What do the 'uniformity test' and 'association test' descriptions mean in the feature image names?

Short answer:

  • uniformity test map: z-scores from a one-way ANOVA testing whether the proportion of studies that report activation at a given voxel differs from the rate that would be expected if activations were uniformly distributed throughout gray matter.
  • association test map: z-scores from a two-way ANOVA testing for the presence of a non-zero association between term use and voxel activation.

Long answer: The uniformity test and association test maps are statistical inference maps; they display z-scores for two different kinds of analyses. The uniformity test map can be interpreted in roughly the same way as most standard whole-brain fMRI analysis: it displays the degree to which each voxel is consistently activated in studies that use a given term. For instance, the fact that the uniformity test map for the term 'emotion' displays high z-scores in the amygdala implies that studies that use the word emotion a lot tend to consistently report activation in the amygdala--at least, more consistently than one would expect if activation were uniformly distributed throughout gray matter. Note that, unlike most meta-analysis packages (e.g., ALE or MKDA), z-scores aren't generated through permutation, but using a chi-square test. (We use the chi-square test solely for pragmatic reasons: we generate thousands of maps at a time, so it's not computationally feasible to run thousands of permutations for each one.)

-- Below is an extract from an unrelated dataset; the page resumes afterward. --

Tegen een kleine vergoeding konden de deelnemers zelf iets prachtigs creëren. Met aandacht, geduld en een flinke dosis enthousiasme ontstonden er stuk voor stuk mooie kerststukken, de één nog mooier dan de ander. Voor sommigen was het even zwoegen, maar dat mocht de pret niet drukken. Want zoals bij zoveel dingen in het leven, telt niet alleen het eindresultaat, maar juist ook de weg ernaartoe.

The association test maps provides somewhat different (and, in our view, typically more useful) information. Whereas the uniformity test maps tell you about the consistency of activation for a given term, the association test maps tell you whether activation in a region occurs more consistently for studies that mention the current term than for studies that don't. So for instance, the fact that the amygdala shows a large positive z-score in the association test map for emotion implies that studies whose abstracts include the word 'emotion' are more likely to report amygdala activation than studies whose abstracts don't include the word 'emotion'. That's important, because it controls for base rate differences between regions. Meaning, some regions (e.g., dorsal medial frontal cortex and lateral PFC) play a very broad role in cognition, and hence tend to be consistently activated for many different terms, despite lacking selectivity. The association test maps let you make slightly more confident claims that a given region is involved in a particular process, and isn't involved in just about every task.

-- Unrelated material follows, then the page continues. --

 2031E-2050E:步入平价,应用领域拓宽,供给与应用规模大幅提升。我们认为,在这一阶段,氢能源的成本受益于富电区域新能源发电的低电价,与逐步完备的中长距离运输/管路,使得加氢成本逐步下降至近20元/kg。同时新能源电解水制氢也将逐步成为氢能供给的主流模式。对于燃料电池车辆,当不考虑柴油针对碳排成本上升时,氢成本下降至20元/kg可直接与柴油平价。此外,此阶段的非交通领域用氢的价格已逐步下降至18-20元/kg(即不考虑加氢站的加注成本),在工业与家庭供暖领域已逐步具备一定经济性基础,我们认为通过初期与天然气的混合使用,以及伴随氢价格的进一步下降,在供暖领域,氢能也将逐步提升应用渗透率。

What happened to the "forward inference" and "reverse inference" maps that used to be on the website?
We renamed the forward and reverse inference maps; they're now referred to as the "uniformity test" and "association test" maps, respectively (see previous question). The latter names more accurately capture what these maps actually mean. It was a mistake on our part to have used the forward and reverse inference labels; those labels should properly be reserved for probabilistic maps generated via a Bayesian estimation analysis, rather than for z-scores resulting from frequentist inferential tests. The two sets of maps are related but different. "Real" forward and reverse inference maps (to the degree that such a thing is possible to obtain using this kind of data) can be generated using the Neurosynth core tools. Be warned though that they're more difficult to interpret and use correctly, which is why we don't show them here.


How do I use the Neurosynth code to generate my own meta-analysis images?
Documentation for the Neurosynth core tools is admittedly sparse at the moment. That said, the examples folder in the github repository contains a number of worked examples that illustrates various uses of the code. Probably the best place to start is with the demo Jupyter notebook, which can be viewed online here.